* [WORK REQUEST]: Among the lines below, output only those between the line holding "大きな太鼓を6人の願人(がんじん:叩き手)でそろえて叩くのである。" and the line holding "2015年度宜春市優(yōu)質(zhì)建設(shè)工程獎(jiǎng)", inclusive, exactly as written and with no pictures.

Stored items from a collection
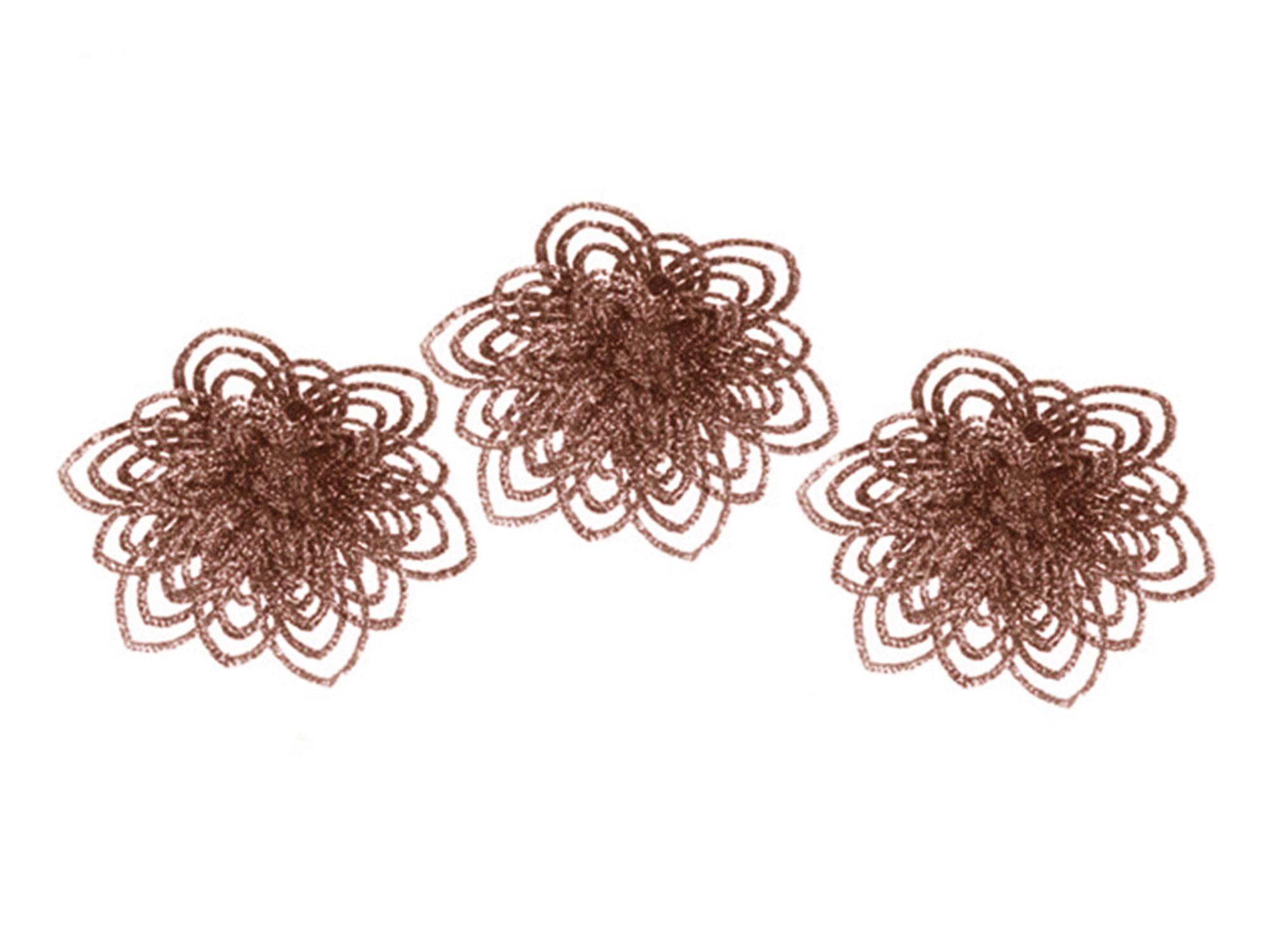 Komplet 3 okraskov v obliki rož v rjavi barvi.
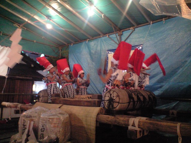 大きな太鼓を6人の願人(がんじん:叩き手)でそろえて叩くのである。
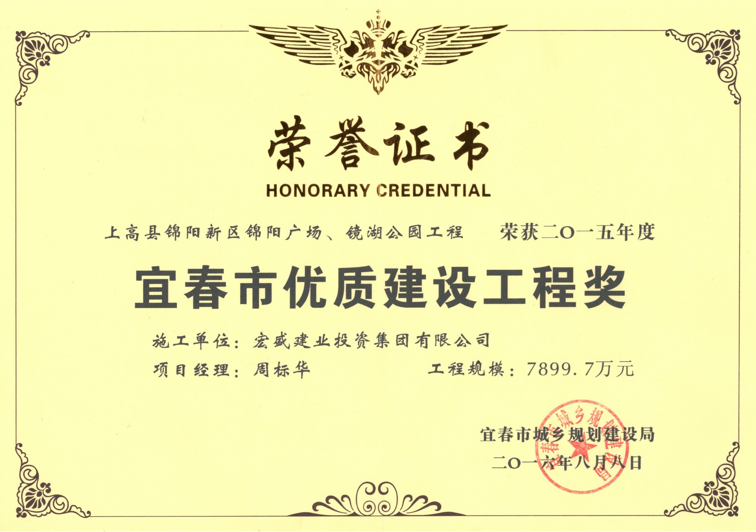 2015年度宜春市優(yōu)質(zhì)建設(shè)工程獎(jiǎng)
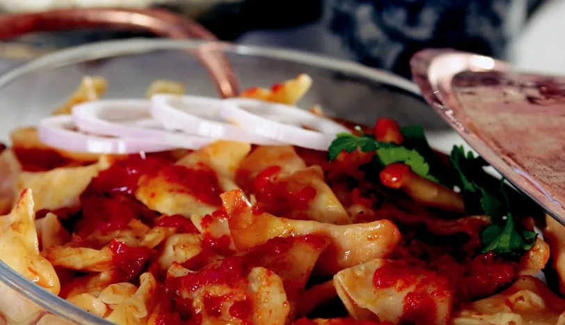 Unu derin bir kaba alın, ortasını havuz şeklinde açıp 1 adet yumurta ile diğer yumurta sarısını, tuz ve su ilave edip kulak memesi yumuşaklığında bir hamur elde edene kadar yoğurun. Üzerine nemli bir bez örtüp 15 dakika dinlendirin. Hamuru 4 parçaya ayırıp her birini açın. Hamurları enlemesine ve boylamasına şeritler halinde keserek küçük kareler elde edin. Ortalarına 1'er çay kaşığı tulum peyniri koyup kenarlarına yumurta akı sürüp üçgen olacak şekilde kapatın. Sıvıyağda hafif pembeleşene kadar kızartıp servis tabağınaalın.Diğer taraftan tereyağında yemeklik doğranmış soğanları hafif kavurun. Domates ve biber salçası, et suyu veya su koyup 5 dakika pişirerek sos hazırlayın. Mantıların üzerine bu sosu gezdirip ince kıyılmış maydanozla süsleyerek servis yapın.
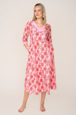Cotton Rhonda Midi Dress in Pink Pinstripe
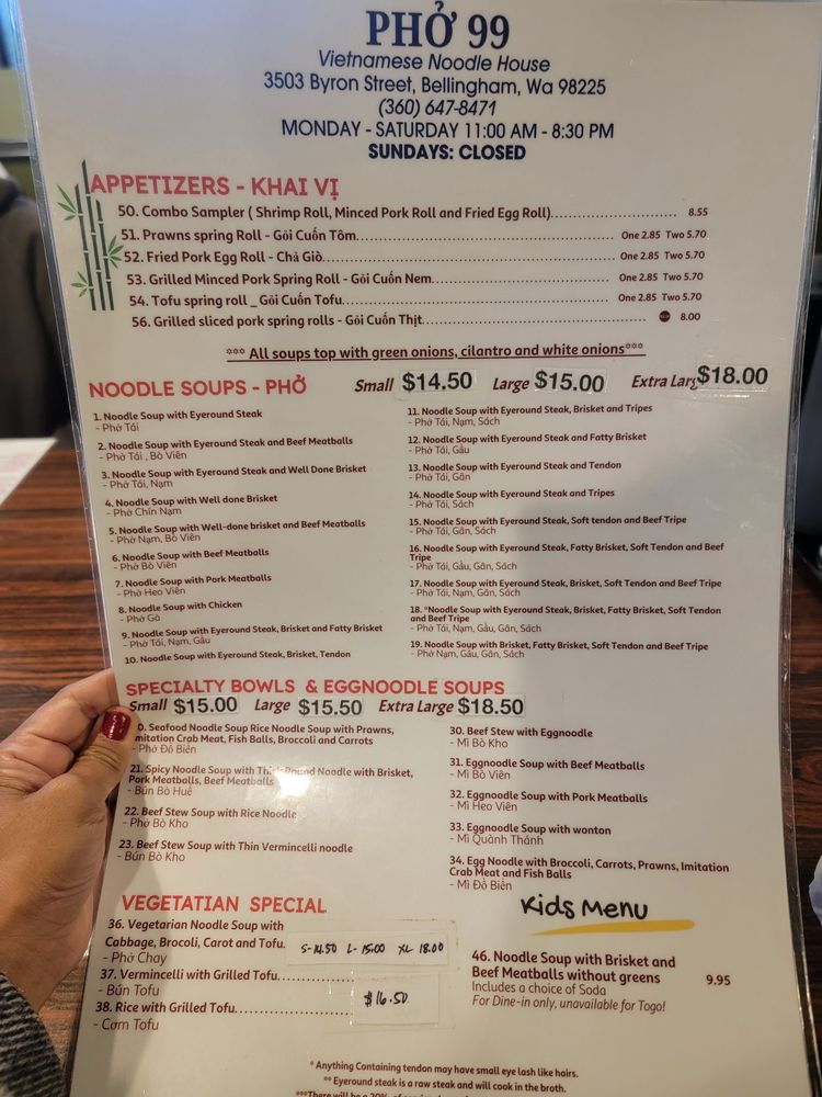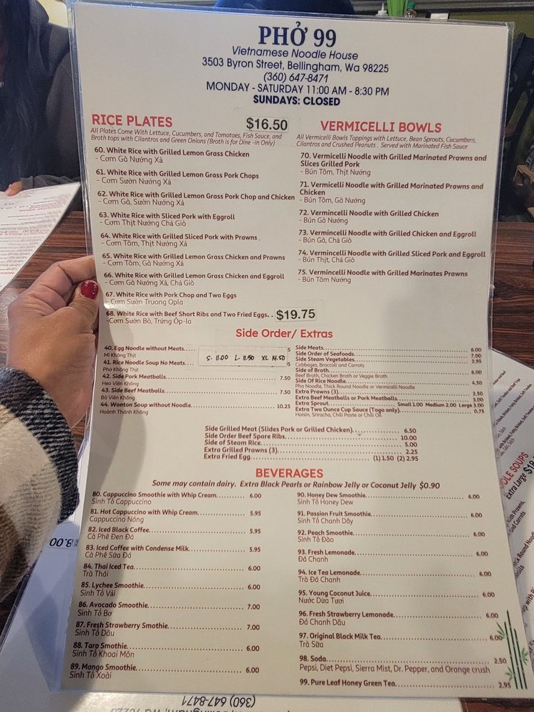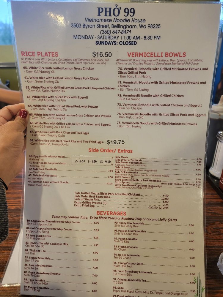 If you're looking for authentic Vietnamese cuisine in Bellingham, Pho 99 is the place to be. Located at 3503 Byron St, this family-owned restaurant offers a wide variety of dishes, with their flavorful pho being a standout favorite. The broth is simmered overnight, resulting in a rich and delicious flavor. Customers rave about the friendly service and clean ambiance, making it a great spot for lunch or dinner. Don't miss out on their BBQ pork plate with fried spring rolls or the Banh Mi sandwiches. Plus, they offer a loyalty punch card for repeat customers. Overall, Pho 99 is a must-visit for delicious Vietnamese fare in the Pacific Northwest.
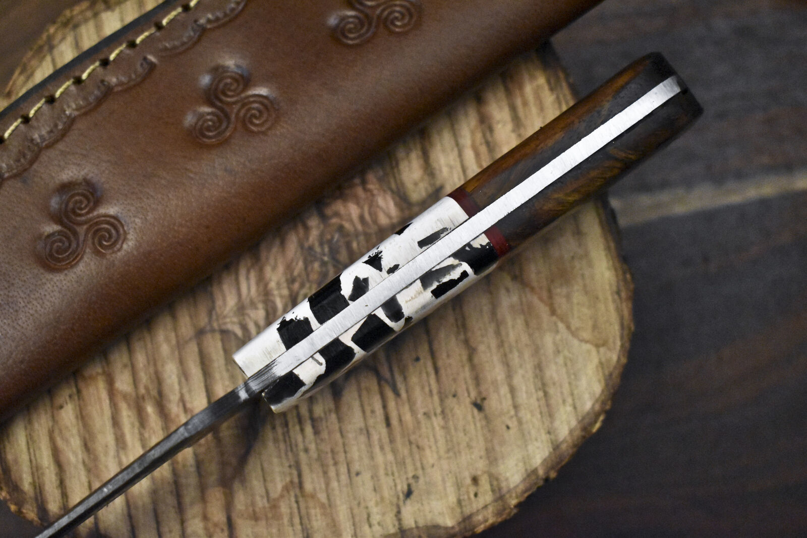 Designed with a 4.5-inch mixed material handle, this handmade skinner Damascus knife combines both beauty and function, providing a secure grip and excellent control even in challenging environments. The knife is oil-tempered to 58–60 HRC, ensuring a razor-sharp edge that withstands repeated use in the field.
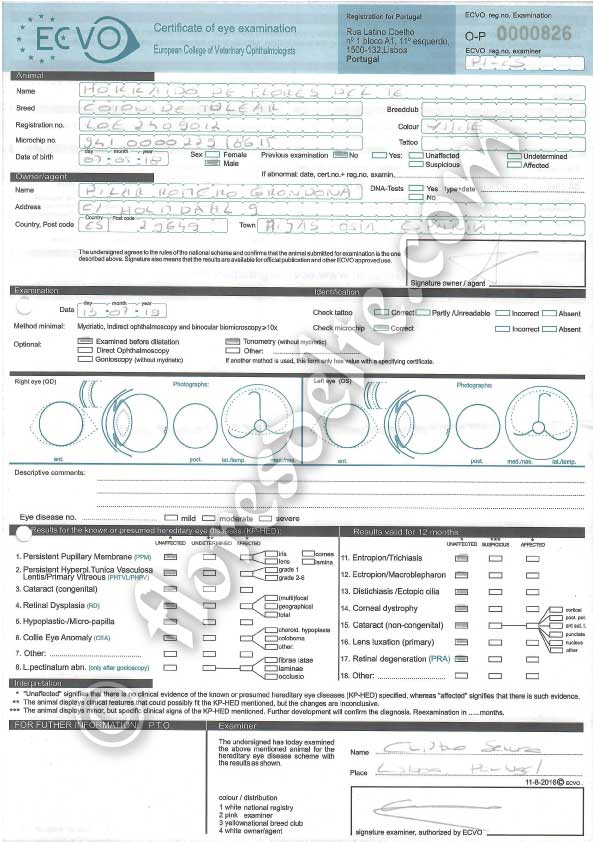 La retinopatía es una enfermedad ocular hereditaria recesiva. Se observan parches más o menos circulares en la retina con elevada acumulación de material que produce lesiones de color gris-marrón-rosado. -Ver más-

* [WRITTEN SOLUTION]:
 大きな太鼓を6人の願人(がんじん:叩き手)でそろえて叩くのである。
 2015年度宜春市優(yōu)質(zhì)建設(shè)工程獎(jiǎng)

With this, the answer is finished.